Family lawyer Jodylee Bartal said Labor’s bill sought to make the first major changes to parenting provisions since the 2006 reforms.

“[The Howard-era reform] was a real shift from the days of the ‘Disneyland dad’, when the non-resident parent would typically see the child fortnightly, on weekends, sometimes in school holidays. It created a bit of a yardstick [around expectations for equal or significant time],” she said.

“These reforms are a positive change for people suffering family violence or coercive control. But for other families, the removal of that yardstick may mean there’s no starting point for engaging in negotiations.”

Bartal said the government’s intention had been to simplify the laws. “But as is often the case, simplifying things adds a bit of uncertainty. There is some concern that removing definitions broadens the potential outcome for families,” she said.

“There’s an increased potential for litigation while the kinks are being ironed out.”

Attorney-General Mark Dreyfus said when introducing the bill earlier this year that the government recognised that “for most children, it is strongly in their best interests to have a loving and nurturing relationship with both parents after separation”.

“The simplified list of best interest factors includes consideration of the benefits to children of having a relationship with each of their parents, where it is safe to do so.

“However, it is necessary to amend the law so it is clear that there is not, nor has there ever been, an entitlement for parents to spend equal time with their child after separation.”
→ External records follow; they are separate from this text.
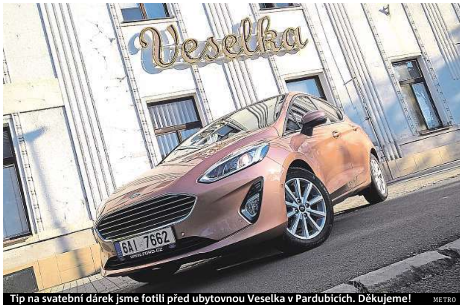
Tip na svatební dárek jsme fotili před ubytovnou Veselka v Pardubicích. Děkujeme!

Co třeba povede- nou novou fiestu v lososové barvě?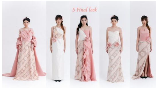
Gambar 11. 5 Final Look Hasil

Avalokitesvara dan Warak Ngendog sebagai identitas utama desain. Pada tahap test, dilakukan evaluasi akhir untuk memastikan kesesuaian konsep budaya, nilai estetika, fungsi busana, serta keberhasilan desain dalam merepresentasikan identitas budaya lokal Semarang ke dalam karya fashion kontemporer.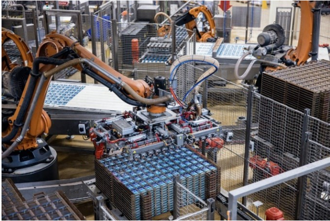
Roboter bei der Produktion von Tiernahrung

Auch Westungarn kann auf den weiteren Ausbau der schweizerischen Wirtschaftspräsenz zählen, denn der schweizerische Lebensmittelkonzern Nestlé führt den Ausbau seiner Tiernahrungsfabrik fort und investiert abermals 35 Mrd. HUF (100 Mio. EUR) in seinen Standort Bük. Neben einer hohen Automatisierung werden dabei auch 120 zusätzliche Stellen geschaffen. Erst vor einem Jahr hatte Nestlé eine 50 Mrd. Forint (rund 138 Mio. Euro) umfassende Investition angekündigt, welche 160 neue Arbeitsplätze schaffen soll. Nun entschied der Lebensmittelkonzern, diese Investition weiter aufzustocken. Bis Ende 2022 wird das Werk in der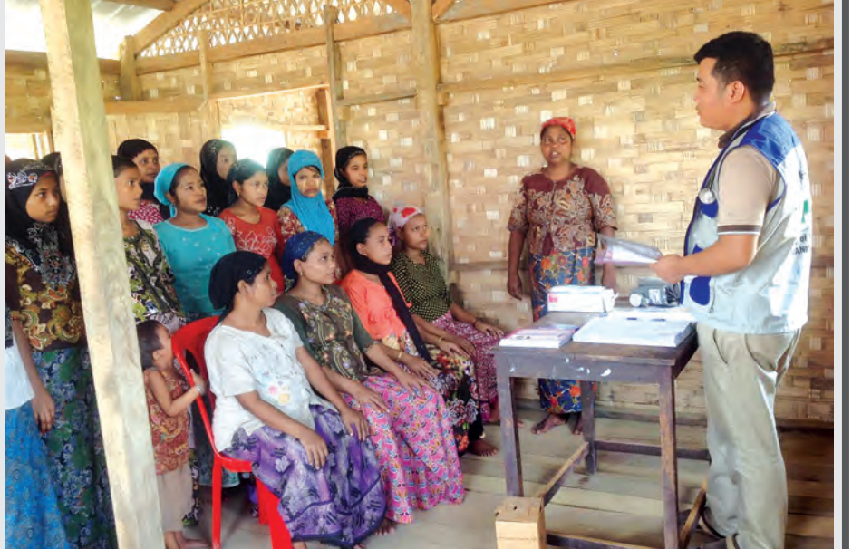
ရခိုင်ပြည်နယ် စစ်တွေမြို့နယ် အနောက်စံပြကျေးရွာ(ဘာဆာရာ)တွင် ဖွင့်လှစ်ထားသည့် ဘင်္ဂါလီကယ်ဆယ်ရေး စခန်းတွင် ကိုယ်ဝန်ဆောင်မိခင်များအား ကျန်းမာရေးဦးစီးဌာနမှ ဆရာဝန်က အသိပညာပေး ဟောပြောစဉ်။ ဓာတ်ပုံ-ဇေယျာ(မိုင်ရာ)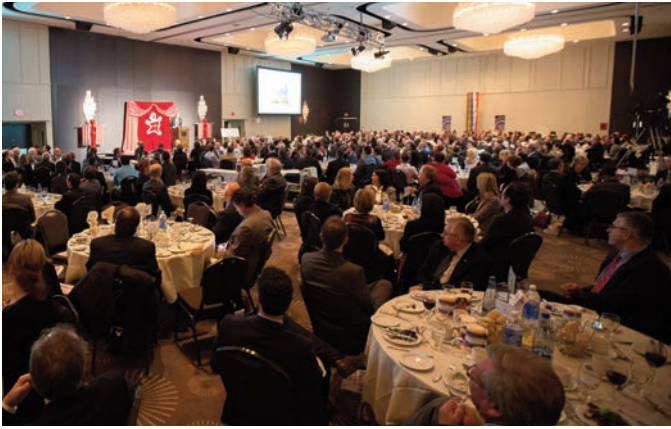
Déjeuner des chefs d'entreprise du Carnaval de Québec - 28 janvier 2014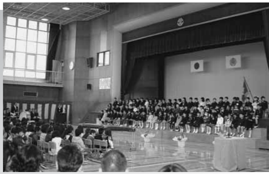
開成小学校の入学式の様子

4月5日(月)開成小学校でも入学式が行われました。在校生児童が半分になりましたが、みんな笑顔で元気いっぱい入学式を迎えることができました。

The Senate review also called for stronger safeguards to protect parents from disclosing confidential information, such as personal health records and counselling notes, when there was no value to giving the information.

Greens Senator Larissa Waters, who championed that amendment, said she was glad the government would act to stop subpoenas being weaponised in court.

“Stakeholders have suggested that a blanket ban on access to medical or psychological records is not always helpful, so we support the department’s moves to redraft that section of the bill in a way that ensures [complexities] are taken into account,” she said.

Labor’s bill also introduces a requirement for independent children’s lawyers to meet directly with children, and for the court to consider the right of Aboriginal or Torres Strait Islander children to maintain their connection to their family, community, culture, country and language.

Senator Tammy Tyrell said she would also support the bill. “It puts the focus back on the children, and the best outcome for them. That can only be a good thing. There’s been a couple of reviews that have recommended these changes, and I’m glad they’re being acted on,” she said.

The bill should sail through the Senate with sufficient crossbench support and come into effect six months after it is passed.”